As she turned round again she said, "I suppose you have been used to great luxury; these rooms look miserable to you, but you can soon make any alterations you like."
"Oh, I must have a private sitting-room fitted up for myself down-stairs. And the rest are bedrooms, I suppose," he went on, opening a side-door. "Ah, I can sleep here a night or two. But there's a bedroom down-stairs, with an ante-room, I remember, that would do for my man Dominic and the little boy. I should like to have that."
"Your father has slept there for years. He will be like a distracted insect, and never know where to go, if you alter the track he has to walk in."
"That's a pity. I hate going up-stairs."
"There is the steward's room: it is not used, and might be turned into a bedroom. I can't offer you my room, for I sleep up-stairs."

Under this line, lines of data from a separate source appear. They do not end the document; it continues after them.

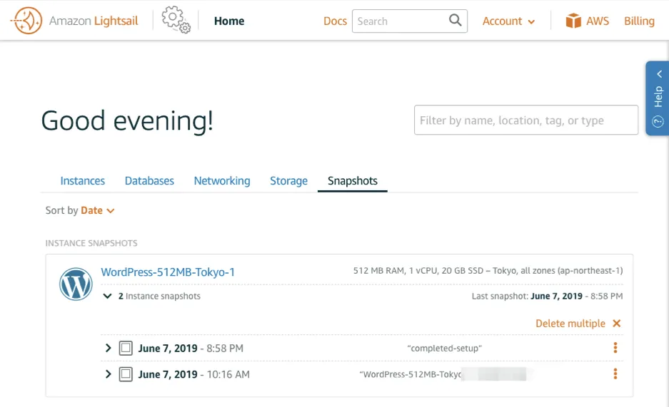 - スナップショットはインスタンス毎にグループ分けされて表示されます。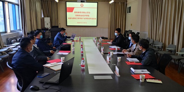 了解公司基本情况后,市场总监李予新从企业发展的历史、公司现状、教育理念、目前合作办学的规模及分布等方面简要介绍了鼎利教育集团以及河南公司的基本情况。时明德主任对校企合作办产业公司的意向进行了分析,重点谈了产业公司的合作形式、管理方式和培养模式和合作专业等内容。教学总监张连杰重点结合人才培养方案的制定等内容谈了初步构想和建议。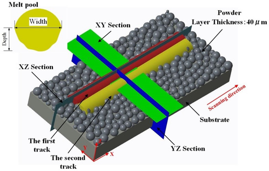 Simulation analysis model including powder layer, substrate, melt tracks and their laser scanning direction, different cross-sections, and melt pool geometries (depth and width).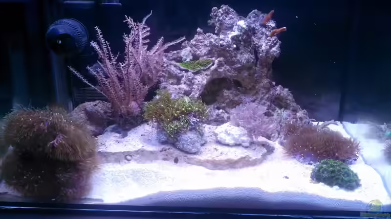 2-3 Kg Lebend Gestein ; aktuell ein wenig Live Sand und dem Dennerle Bio-Circulator 4 in 1 (Betrieben ohne Filterschwamm); Zusatz Hydor Flo Deflector für eine abwechselnde Strömung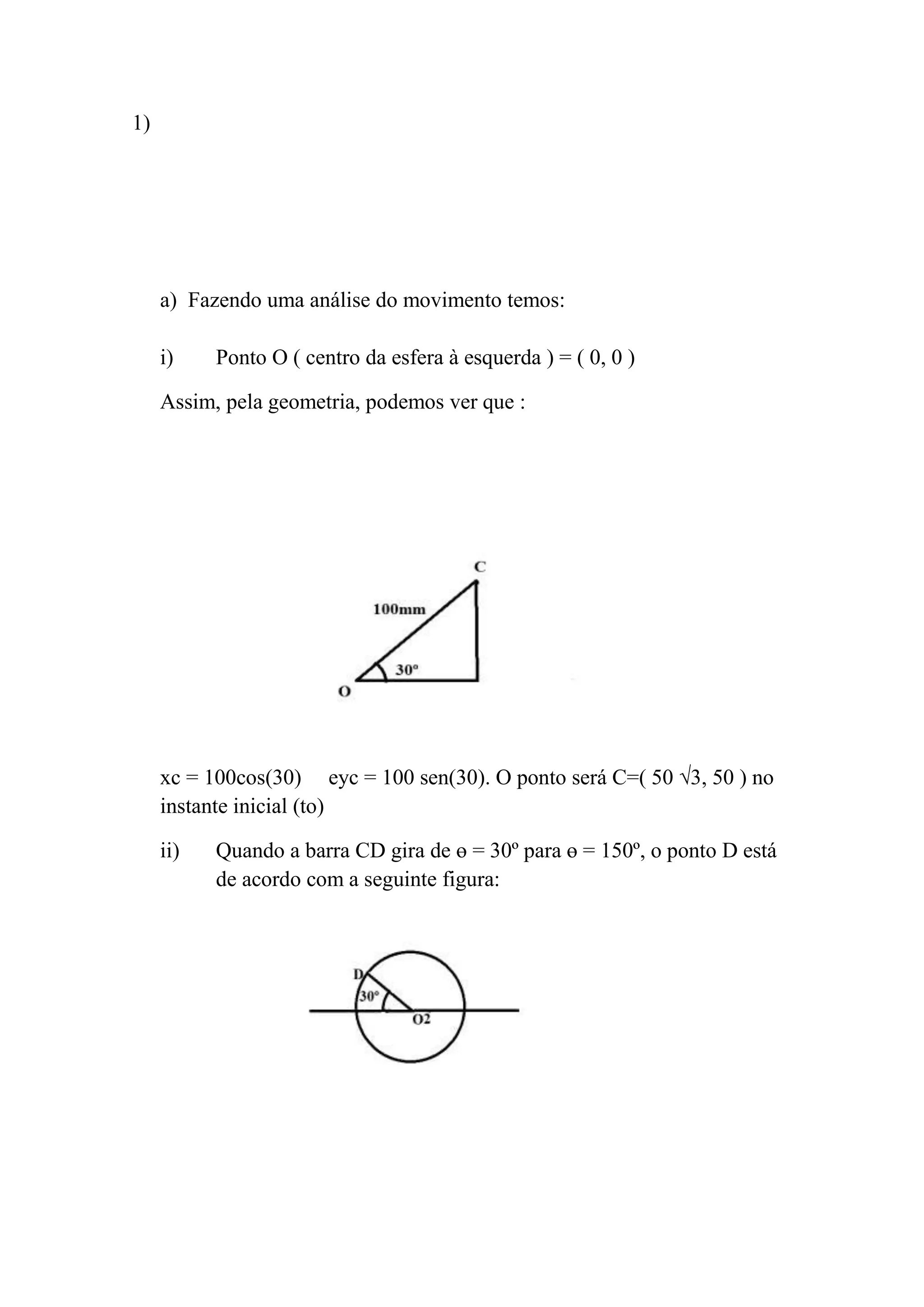 1) O documento descreve o movimento de um ponto P em uma esfera giratória. P se move de C para D quando a barra gira de 30° para 150°.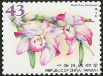 四、樱石斛 (面值43元):属中型附生兰,花中心近于白色,周围渐为紫红色,唇瓣基部有2紫色斑点,直径约5公分,花期在春季,分布于台湾北部中低海拔山区。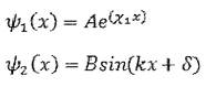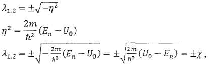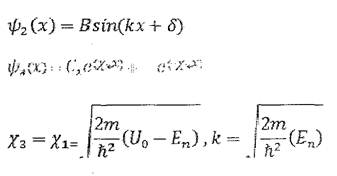 действительная величина Решение дифференциального уравнения здесь А1 и А2 - произвольные постоянные. Решение в области 2: Решение этого уравнения имеет вид: где корни характеристического уравнения, которое в данном случае имеет вид: Корни характеристического уравнения мнимые: действительная величина Решение дифференциального уравнения: Это решение можно представит в действительной форме: В области 3 решение находим аналогично решению в области 1: Получили решения-уравнения Шрёдингера областях 1, 2 и 3:
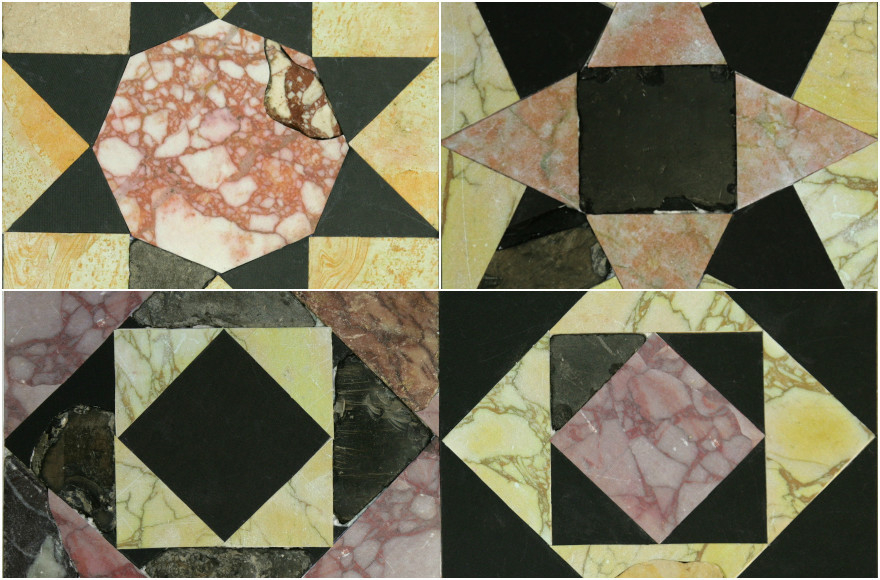 A mozaikpadlót különböző színű, más-más területekről származó kövekből rakták ki, színes geometrikus mintázatokat formáltak a kis kődarabokból. A kézzel faragott kövek alapanyaga a jeruzsálemi hegyekből származó világos mészkő és a Holt-tenger környékén fejtett sötét színű kövek, valamint az Égei-tenger vidékéről importált márvány volt.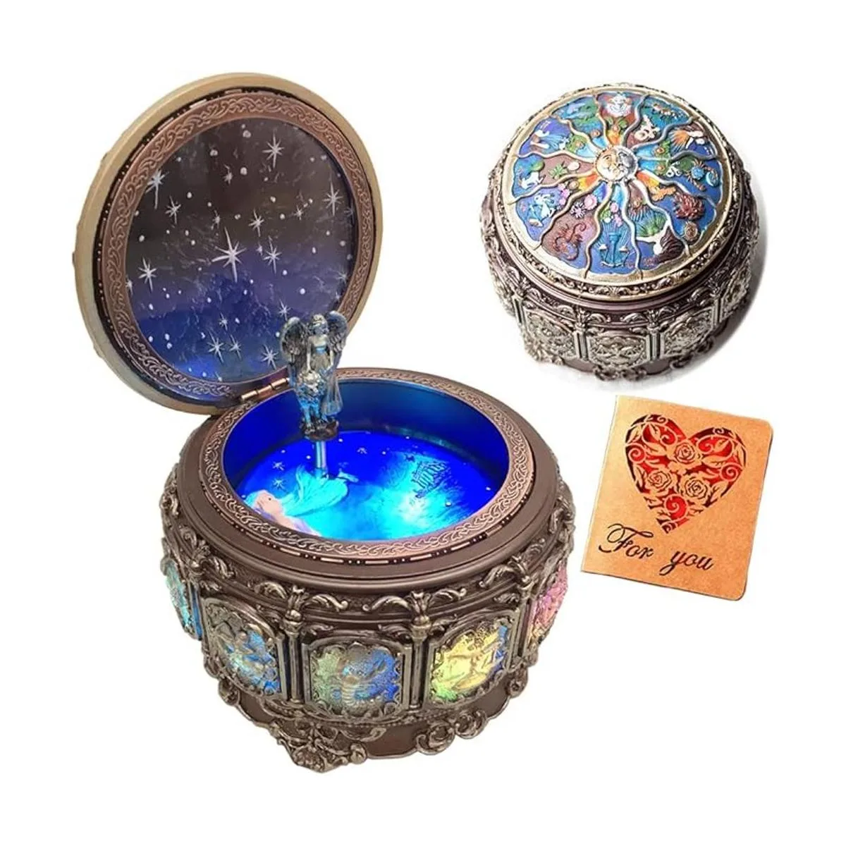 Briskfeel Caja de música vintage con constelaciones, luces LED de diosa giratorias, mecanismo tallado de resina centelleante, caja musical con Sankyo de 18 notas, signos de cuerda del zodiaco, regalo para cumpleaños actualizado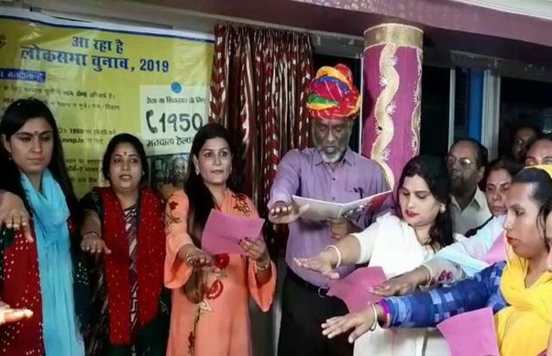 अजमेर. लोकसभा आमचुनाव में शत प्रतिशत मतदान सुनिश्चित करने के लिए जिला निर्वाचन विभाग ने सोमवार को दरगाह क्षेत्र स्थित किन्नर हवेली में जाकर मतदान की अपील की। किन्नर समाज ने शत प्रतिशत मतदान करने की शपथ ली।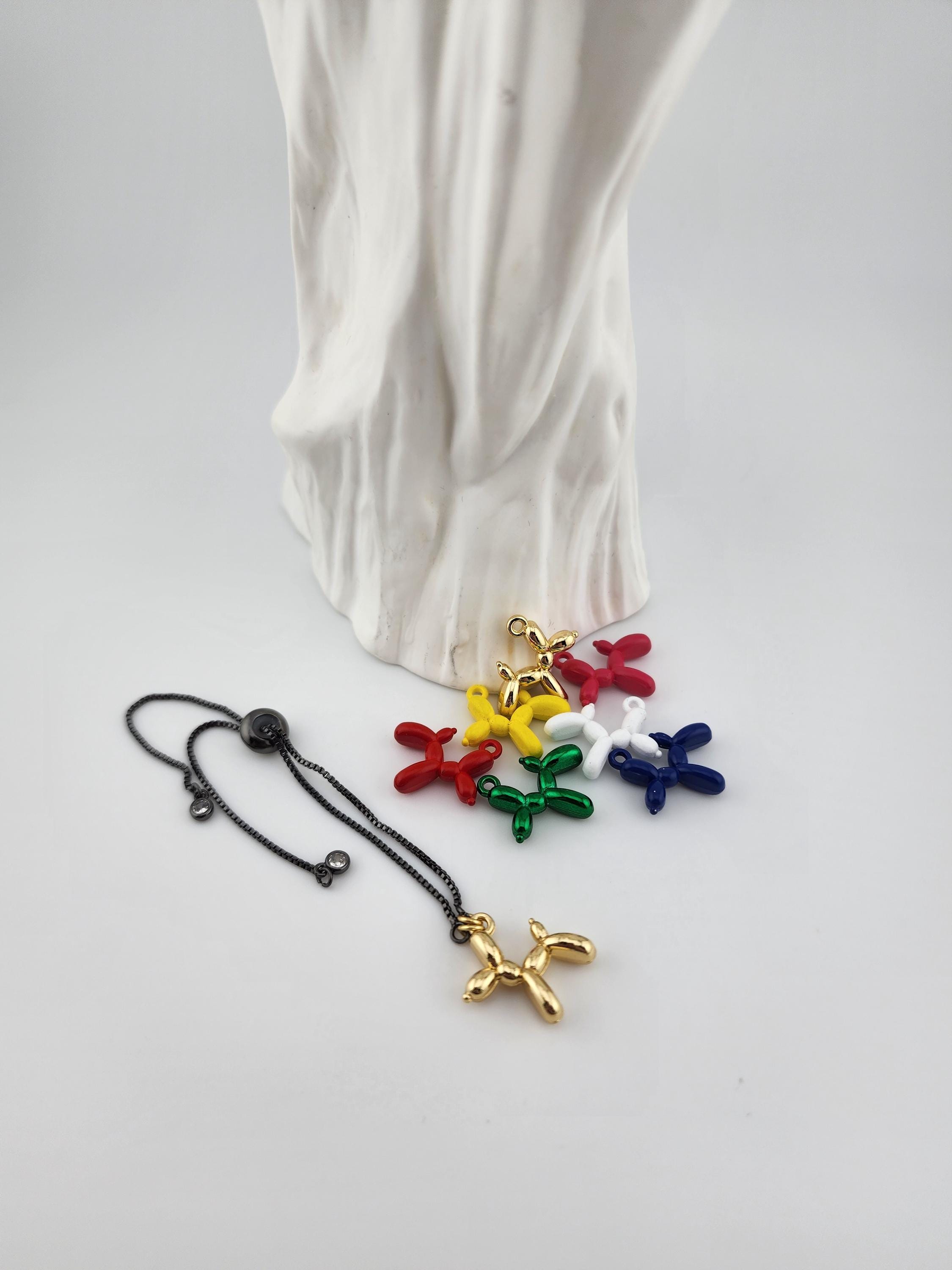 These are shiny black slider chain bracelets that have tiny round crystals at the ends. They have enamel metal balloon animal dog charms in 7 colors to choose from: #1- Metallic Gold #2- Red #3- White #4- Blue #5- Pink #6- Yellow #7- Metallic Green * Your purchase will arrive in pretty packaging

"No; I'm determined not to sleep up-stairs. We'll see about the steward's room to-morrow, and I dare say I shall find a closet of some sort for Dominic. It's a nuisance he had to stay behind, for I shall have nobody to cook for me. Ah, there's the old river I used to fish in. I often thought, when I was at Smyrna, that I would buy a park with a river through it as much like the Lapp as possible. Gad, what fine oaks those are opposite! Some of them must come down, though."
"I've held every tree sacred on the demesne, as I told you, Harold. I trusted to your getting the estate some time, and releasing it; and I determined to keep it worth releasing. A park without fine timber is no better than a beauty without teeth and hair."
"Bravo, mother!" said Harold, putting his hand on her shoulder. "Ah, you've had to worry yourself about things that don't properly belong to a woman--my father being weakly. We'll set all that right. You shall have nothing to do now but to be grandmamma on satin cushions."
"You must excuse me from the satin cushions. That is a part of the old woman's duty I am not prepared for. I am used to be chief bailiff, and to sit in the saddle two or three hours every day. There are two farms on our hands besides the Home Farm."
"Perhaps when you've been in England a little longer," said Mrs. Transome, coloring as if she had been a girl, "you will understand better the difficulty there is in letting farms these times."
"I understand the difficulty perfectly, mother. To let farms, a man must have the sense to see what will make them inviting to farmers, and to get sense supplied on demand is just the most difficult transaction I know of. I suppose if I ring there's some fellow who can act as valet and learn to attend to my hookah?"
"There is Hickes the butler, and there is Jabez the footman; those are all the men in the house. They were here when you left."
"Oh, I remember Jabez--he was a dolt. I'll have old Hickes. He was a neat little machine of a butler; his words used to come like the clicks of an engine. He must be an old machine now, though."
"You seem to remember some things about home wonderfully well, Harold."
"Never forget places and people--how they look and what can be done with them. All the country round here lies like a map in my brain. A deuced pretty country too; but the people were a stupid set of old Whigs and Tories. I suppose they are much as they were."
"I am, at least, Harold. You are the first of your family that ever talked of being a Radical. I did not think I was taking care of our old oaks for that. I always thought Radicals' houses stood staring above poor sticks of young trees and iron hurdles."
"Yes, but the Radical sticks are growing, mother, and half the Tory oaks are rotting," said Harold, with gay carelessness. "You've arranged for Jermyn to be early to-morrow?"
"He will be here to breakfast at nine. But I leave you to Hickes now; we dine in an hour."